Question de Mme PAOLI-GAGIN Vanina (Aube - Les Indépendants) publiée le 26/02/2026
Mme Vanina Paoli-Gagin attire l'attention de M. le ministre de l'économie, des finances et de la souveraineté industrielle, énergétique et numérique sur les travaux actuels du comité consultatif du secteur financier (CCSF) relatifs à l'application de la loi n° 2022-270 du 28 février 2022 pour un accès plus juste, plus simple et plus transparent au marché de l'assurance-emprunteur, dite « loi Lemoine ».
L'accès au crédit immobilier constitue un enjeu majeur pour les Français et représente souvent l'investissement le plus important d'une vie. Dans ce contexte, l'assurance-emprunteur joue un rôle déterminant, représentant une part significative du coût total du crédit et conditionnant directement l'accès à la propriété pour de nombreux ménages, en particulier les jeunes primo-accédants et les familles aux revenus modestes.
La loi Lemoine a constitué une avancée majeure en permettant la résiliation infra-annuelle de l'assurance emprunteur, favorisant ainsi la concurrence entre les acteurs du marché et améliorant le pouvoir d'achat des emprunteurs. Son article 10 a par ailleurs supprimé le questionnaire médical pour les prêts immobiliers inférieurs à 200 000 euros par assuré et arrivant à échéance avant les 60 ans de l'emprunteur pour faciliter encore cet accès au crédit immobilier.
Or, il apparaît que le CCSF, dans le cadre de ses récents travaux, pourrait envisager de demander à la profession de s'engager à ne prévoir aucune exclusion concernant les états pathologiques antérieurs dans les contrats d'assurance-emprunteur « Lemoine », y compris dans les situations de substitution d'assurance. Une telle orientation suscite des interrogations quant à son articulation avec le texte voté par le Parlement.

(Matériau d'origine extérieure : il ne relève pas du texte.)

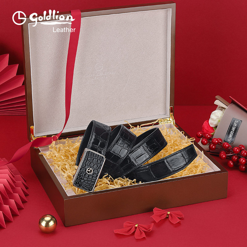【不锈钢鳄鱼皮】金利来钢扣皮带男真皮腰带裤带礼盒装 节日礼物
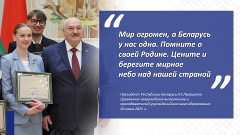 Как отметил белорусский лидер: «Мир огромен, а Беларусь у нас одна. Помните о своей Родине. Цените и берегите мирное небо над нашей страной» (Президент Республики Беларусь А.Г.Лукашенко на церемонии награждения выпускников и преподавателей учреждений высшего образования, 20 июня 2025 г.).
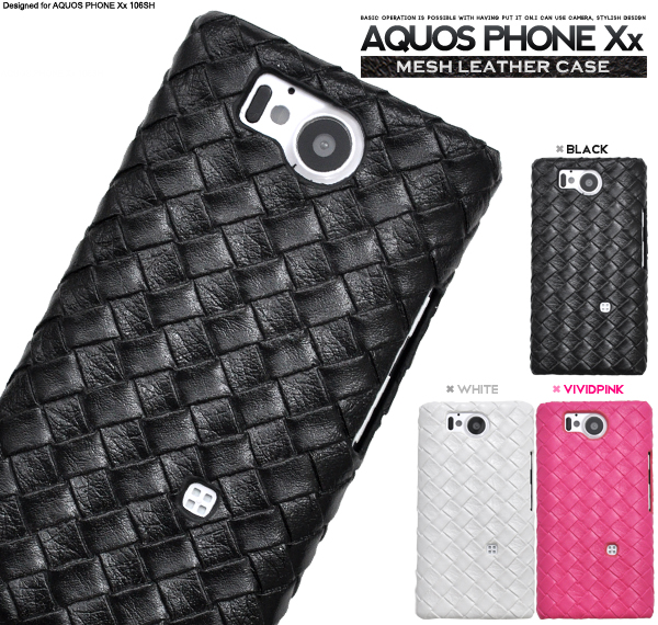 スタイリッシュなメッシュレザーデザインのAQUOS PHONE Xx 106SH用ケース 衝撃やキズ、埃などからしっかりとAQUOS PHONE Xx 106SHを守ります。 カメラはもちろん、イヤホンや各種ボタンなどをケースに入れたまま操作可能です! ブラック、ホワイト、ビビットピンクの3色展開です。 ※ライセンス商品ではありません。 ※AQUOS PHONE Xx 106SHは付属しません。 |
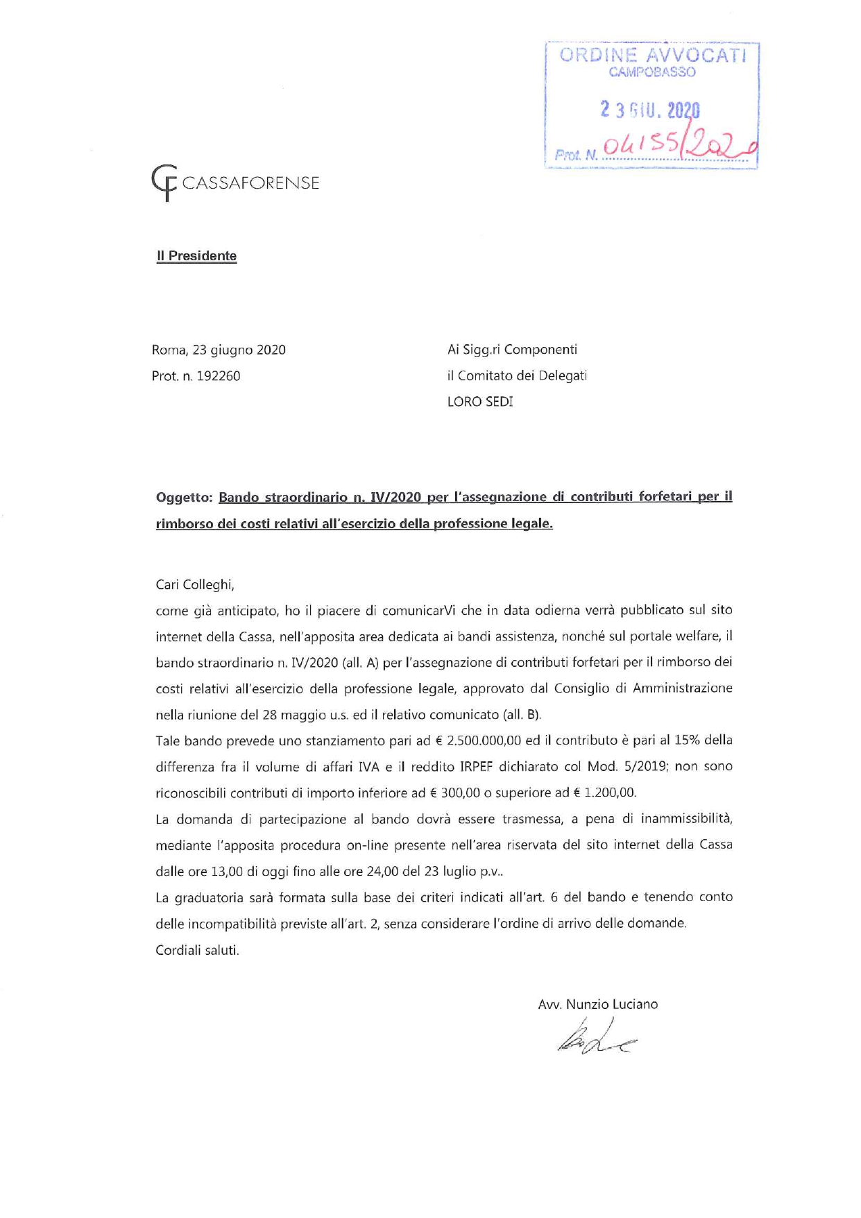 CASSA FORENSE – BANDO STRAORDINARIO N.IV/2020 – ASSEGNAZIONE CONTRIBUTI FORFETARI PER IL RIMBORSO DEI COSTI RELATIVI ALL’ESERCIZIO DELLA PROFESSIONE LEGALE

Le CCSF, organe consultatif créé par l'article L. 614-1 du code monétaire et financier et placé auprès du ministre chargé de l'économie, joue certes un rôle essentiel de concertation entre les différentes parties prenantes du secteur financier. Toutefois, en sa qualité d'instance consultative rattachée à l'exécutif, il convient de veiller à ce que ses recommandations s'inscrivent dans le strict cadre défini par le législateur et ne produisent pas de normes supplémentaires.
Une extension des obligations au-delà de ce que le législateur a expressément prévu pourrait, si elle devait se concrétiser, soulever deux questions : d'une part, sur la sécurité juridique des engagements pris par les acteurs du marché et, d'autre part, sur les répercussions potentielles sur l'équilibre économique du secteur, avec des conséquences possibles sur le coût de l'assurance emprunteur pour les consommateurs, notamment les plus jeunes et les ménages modestes.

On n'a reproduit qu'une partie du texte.